The director-general, however, indicated that much would depend on what happens this week among senior officials of G-12, which includes the US (which is chairing the meeting), the European Union, India, China, Brazil, among others.
Though Lamy pressed the 12 countries to go all out to narrow differences in the talks, resuming on Monday, grave doubts are cast over the likely progress because of intransigent positions by the leading industrialised countries on three issues: flexibilities for members of customs unions, sectoral tariff elimination and anti-concentration provisions, as well as China's demands to take lesser commitments because of the heavy price it paid to join WTO.
Last week, G-12 was unable to make progress on the anti-concentration provision that intends to put a trigger on how many industrial tariff lines in any particular HS (harmonised system) chapter can be declared as sensitive products.
While the US, the EU, Japan and Canada are united behind this issue, senior officials from developing countries like India, South Africa, Malaysia, among others, firmly opposed the anti-concentration provisions, terming it a blatant attempt to curtail their flexibilities.
In a similar vein, the US, the EU and Canada want developing countries to commit on sectoral tariff elimination upfront on the plea that it would deliver substantial gains to all members.
But the developing countries flatly rejected this argument on two grounds. First, the Doha mandate requires members to enter into sectoral - zero-for-zero tariff elimination - only on a non-mandatory basis after the finalisation of the formula and flexibilities; and second, they would need 'developmental' space for a calibrated move into sectoral tariff elimination.

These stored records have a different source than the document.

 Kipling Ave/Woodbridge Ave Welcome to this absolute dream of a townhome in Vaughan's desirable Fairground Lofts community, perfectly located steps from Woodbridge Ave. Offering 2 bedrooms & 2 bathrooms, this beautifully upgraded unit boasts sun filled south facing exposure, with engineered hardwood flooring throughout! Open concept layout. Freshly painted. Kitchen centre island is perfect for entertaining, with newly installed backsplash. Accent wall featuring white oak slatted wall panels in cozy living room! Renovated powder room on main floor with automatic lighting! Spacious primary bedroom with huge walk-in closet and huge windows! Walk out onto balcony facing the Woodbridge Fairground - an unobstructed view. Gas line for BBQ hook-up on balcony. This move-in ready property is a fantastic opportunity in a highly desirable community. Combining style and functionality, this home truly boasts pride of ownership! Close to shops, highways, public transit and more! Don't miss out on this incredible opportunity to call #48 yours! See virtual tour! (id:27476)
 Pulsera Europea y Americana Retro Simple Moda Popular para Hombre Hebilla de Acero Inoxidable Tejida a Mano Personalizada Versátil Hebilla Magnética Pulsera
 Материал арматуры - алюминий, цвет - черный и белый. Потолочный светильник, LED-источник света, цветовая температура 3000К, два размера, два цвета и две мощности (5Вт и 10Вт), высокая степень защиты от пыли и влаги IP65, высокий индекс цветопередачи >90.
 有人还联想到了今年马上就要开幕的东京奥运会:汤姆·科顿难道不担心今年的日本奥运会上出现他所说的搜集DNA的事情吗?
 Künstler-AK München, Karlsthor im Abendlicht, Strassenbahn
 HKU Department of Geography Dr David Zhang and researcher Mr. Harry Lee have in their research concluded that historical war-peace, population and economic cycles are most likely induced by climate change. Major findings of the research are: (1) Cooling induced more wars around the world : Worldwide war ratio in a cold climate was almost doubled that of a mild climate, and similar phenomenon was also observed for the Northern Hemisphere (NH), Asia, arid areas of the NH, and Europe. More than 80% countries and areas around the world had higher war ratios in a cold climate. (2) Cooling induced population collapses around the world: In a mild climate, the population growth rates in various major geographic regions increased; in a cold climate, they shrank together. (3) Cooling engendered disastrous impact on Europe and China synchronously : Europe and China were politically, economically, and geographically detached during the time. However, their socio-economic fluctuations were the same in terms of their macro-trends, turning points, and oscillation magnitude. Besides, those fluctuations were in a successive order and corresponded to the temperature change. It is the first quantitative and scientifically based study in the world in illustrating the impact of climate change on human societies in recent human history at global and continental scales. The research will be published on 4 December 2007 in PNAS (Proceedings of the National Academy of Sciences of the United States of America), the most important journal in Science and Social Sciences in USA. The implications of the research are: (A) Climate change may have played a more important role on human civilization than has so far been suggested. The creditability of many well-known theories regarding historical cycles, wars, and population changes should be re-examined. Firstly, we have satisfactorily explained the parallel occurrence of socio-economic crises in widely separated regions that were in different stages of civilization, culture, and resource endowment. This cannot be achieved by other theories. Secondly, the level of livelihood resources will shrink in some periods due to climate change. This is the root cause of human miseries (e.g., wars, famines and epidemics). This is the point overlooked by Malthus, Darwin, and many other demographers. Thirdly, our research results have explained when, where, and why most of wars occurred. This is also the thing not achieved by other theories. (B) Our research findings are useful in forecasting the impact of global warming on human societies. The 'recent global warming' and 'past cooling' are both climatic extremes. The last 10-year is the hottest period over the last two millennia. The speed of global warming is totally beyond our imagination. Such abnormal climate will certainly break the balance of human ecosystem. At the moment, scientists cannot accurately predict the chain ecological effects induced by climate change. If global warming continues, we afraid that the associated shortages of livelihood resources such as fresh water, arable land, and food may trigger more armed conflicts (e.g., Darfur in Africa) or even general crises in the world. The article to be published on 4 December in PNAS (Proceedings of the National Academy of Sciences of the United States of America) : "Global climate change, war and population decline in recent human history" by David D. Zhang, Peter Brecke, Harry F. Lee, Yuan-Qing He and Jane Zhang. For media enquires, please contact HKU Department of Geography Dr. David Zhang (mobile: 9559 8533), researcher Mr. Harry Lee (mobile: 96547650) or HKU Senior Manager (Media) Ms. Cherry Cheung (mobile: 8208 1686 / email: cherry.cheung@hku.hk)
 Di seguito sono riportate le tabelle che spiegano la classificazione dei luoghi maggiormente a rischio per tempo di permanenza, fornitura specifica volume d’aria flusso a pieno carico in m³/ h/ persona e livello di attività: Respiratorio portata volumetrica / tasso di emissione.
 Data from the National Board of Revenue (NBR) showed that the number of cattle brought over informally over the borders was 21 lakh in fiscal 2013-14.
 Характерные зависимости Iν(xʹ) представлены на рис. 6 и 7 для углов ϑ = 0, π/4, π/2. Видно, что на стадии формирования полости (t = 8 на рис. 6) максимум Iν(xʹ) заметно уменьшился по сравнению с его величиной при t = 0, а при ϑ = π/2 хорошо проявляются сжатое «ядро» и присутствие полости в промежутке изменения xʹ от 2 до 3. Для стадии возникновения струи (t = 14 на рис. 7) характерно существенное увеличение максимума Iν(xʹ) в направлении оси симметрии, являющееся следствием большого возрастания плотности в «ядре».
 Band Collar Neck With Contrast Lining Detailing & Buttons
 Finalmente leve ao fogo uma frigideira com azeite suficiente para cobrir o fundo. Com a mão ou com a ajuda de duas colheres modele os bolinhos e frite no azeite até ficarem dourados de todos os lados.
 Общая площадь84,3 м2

The industrialised countries are also vehemently opposed to any relaxation of tariff-reduction implementation commitments for China, saying that it does not require them given its status as the global workshop for industrial goods.
India's chief trade negotiator Rahul Khullar maintained at the G-12 meetings that many of the problems in these talks ought to have been properly addressed by the chair for Doha negotiations on industrial goods. He also suggested that this small group cannot be a "substitute" to genuine multilateral process, officials said.
India, he said, wants to "multilateralise" these consultations without delay, otherwise it would delay the overall negotiating process.
Meanwhile, the Doha farm talks being convened in a format called the "Walk in the Woods" proceeded cautiously on the Special Product and Special Safeguard flexibilities sought by India and the G-33 countries.
The US, which opposes enhanced SP flexibilities for developing countries, agreed with India's assessment that there will be two-tiers: one tier with zero treatment for some special products and another with an average and minimum cut.